神の霊は水面を動いてた、と旧約聖書の一節から始まる。滝が流れる川の水面を中心に切り取った構図にギリギリまで引っ張ったロングショット、水面だけでなく自然の光、儀式の松明、鏡越しの少女のショットなどビジュアルが綺麗で映像詩で語られる物語は静謐といった言葉がぴったり。
近くで暮らす老父と年頃の娘ツィスナメ、聖なる泉から水を汲み、怪我人への儀式によって青年は目を覚まし見守る村人は帰っていく。言い伝えがベースになってるようだが、水と祈りだけで治す癒し手という職業があるのは知らなかった。古い慣習を自分の代で終わらせまいと頑なに守ろうと娘の未婚まで強制する老父。対し従いながら普通の暮らしを夢見る少女、青年メラブに恋心を抱くのも当然。
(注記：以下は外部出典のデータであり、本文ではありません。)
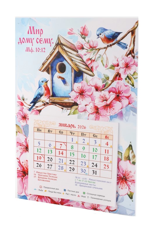Картонный календарь на магните с отрывным численником. В календаре выделены постные, воскресные и праздничные дни, сплошные седмицы, дни особого поминовения усопших, а также дни, в которые на трапезе разрешается рыба, икра, растительное масло.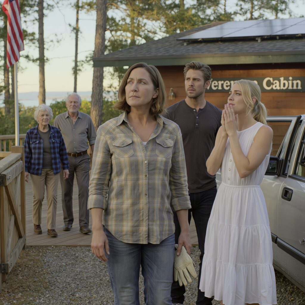 We stood in the same air like new acquaintances. Her eyes kept scanning—solar panels, rain barrels, the glint of a steel bracket under the eaves. She reached out and touched the cabin wall like a child checking if something is real.

厳格な父の元では窮屈だったろうな。
厳格さから距離を生んでしまった息子たちも神父の兄は現代人に一番近いが教師の兄も村に近代化の流れて来ても尚、普遍的な世界の神話型に対し近代化の発展である非神話型さえ神話の焼き直しと教え少なからず影響を受けてる。程度の違いがあれど三者三様、文化に対する考えが違い家族のテーマなのか、と思ったが違うようだ。
冒頭と後半にも差し込まれる工事の音と共に白く濁る川、工事の風景を現代の象徴として神秘的な営みの中で異質な物として描きたかったようだ。説明に頼らない詩的な映像から汲み取るのは結構難しいな。考察が好きなら観て損は無いと思う。
象徴的に出てくる魚を湖に返し、諦めにも似た歌で白い靄の中、湖に佇むナメが幻想的。魚は少女自身なのかも知れない。返す事で自身を解放したかったのかもな。決め過ぎだけど映像は綺麗。